Chapter 2 Reading in Spatial Data
- There are several ways we typically get spatial data into R:
- Load spatial files we have on our machine or from remote source
 - Load spatial data that is part of an R package
 - Grab data using API (often making use of particular R packages)
 - Converting flat files with x,y data to spatial data
 - Geocoding data (we saw example of this at beginning)
 
 
For reading and writing vector and raster data in R, the three primary packages you’ll use are:
sforrgdalfor vector formats such as ESRI Shapefiles, GeoJSON, and GPX - both packages use OGR, which is a library under the GDAL source tree,under the hoodrasterfor raster formats such as GeoTIFF or ESRI or ASCII grid using GDAL under the hood
We can quickly discover supported I/O vector formats either via sf or rgdal:
library(knitr)
library(sf)
library(rgdal)
print(paste0('There are ',st_drivers("vector") %>% nrow(), ' vector drivers available using st_read or read_sf'))## [1] "There are 82 vector drivers available using st_read or read_sf"

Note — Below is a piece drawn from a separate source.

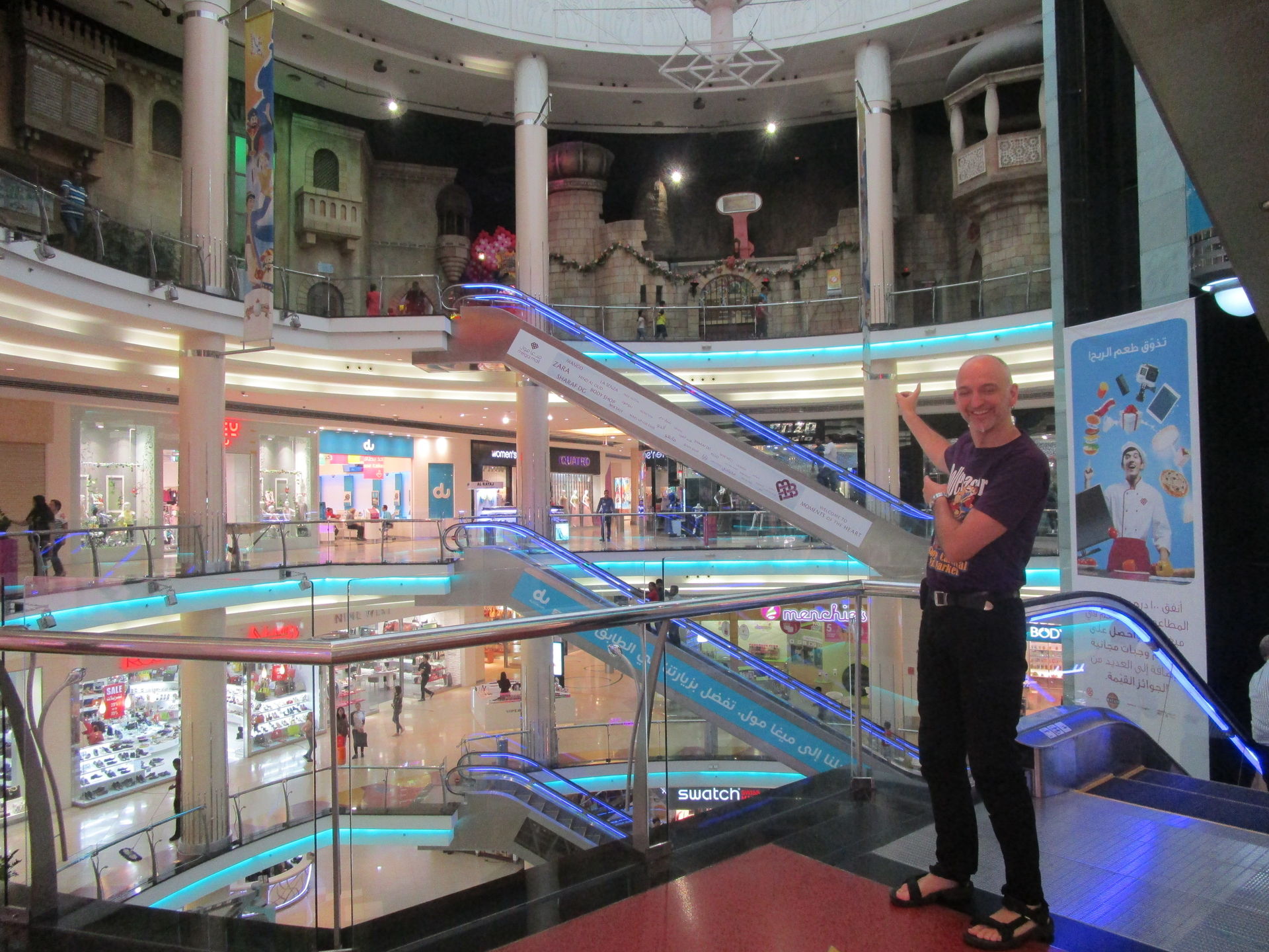 Ursprünglich waren wir der Meinung, jede Menge Zeit zwischen der Landung in Dubai (sechs Uhr morgens) und der Öffnung der ersten geplanten Mall totschlagen zu müssen, doch das bei der Autovermietung ausgeliehene Navigationssystem der Marke "ganz große Grütze" nimmt uns die Entscheidung kurzerhand durch verwirrende Menüführung, kryptische Icons, anfänglicher Satellitenfindungsschwäche und Sprachlosigkeit ab, sodass wir nicht zu früh, sondern genau pünktlich zur Öffnung in der Yas Mall in Abu Dhabi ankommen.

| name | long_name | write | copy | isVector | 
|---|---|---|---|---|
| AeronavFAA | Aeronav FAA | FALSE | FALSE | TRUE | 
| AmigoCloud | AmigoCloud | TRUE | FALSE | TRUE | 
| ARCGEN | Arc/Info Generate | FALSE | FALSE | TRUE | 
| AVCBin | Arc/Info Binary Coverage | FALSE | FALSE | TRUE | 
| AVCE00 | Arc/Info E00 (ASCII) Coverage | FALSE | FALSE | TRUE | 
| name | long_name | write | copy | is_raster | is_vector | vsi | |
|---|---|---|---|---|---|---|---|
| PCIDSK | PCIDSK | PCIDSK Database File | TRUE | FALSE | TRUE | TRUE | TRUE | 
| netCDF | netCDF | Network Common Data Format | TRUE | TRUE | TRUE | TRUE | FALSE | 
| PDS4 | PDS4 | NASA Planetary Data System 4 | TRUE | TRUE | TRUE | TRUE | TRUE | 
| JP2OpenJPEG | JP2OpenJPEG | JPEG-2000 driver based on OpenJPEG library | FALSE | TRUE | TRUE | TRUE | TRUE | 
| JPEG2000 | JPEG2000 | JPEG-2000 part 1 (ISO/IEC 15444-1), based on Jasper library | FALSE | TRUE | TRUE | TRUE | TRUE | 
As well as I/O raster formats via sf:
library(knitr)
print(paste0('There are ',st_drivers(what='raster') %>% nrow(), ' raster drivers available'))## [1] "There are 144 raster drivers available"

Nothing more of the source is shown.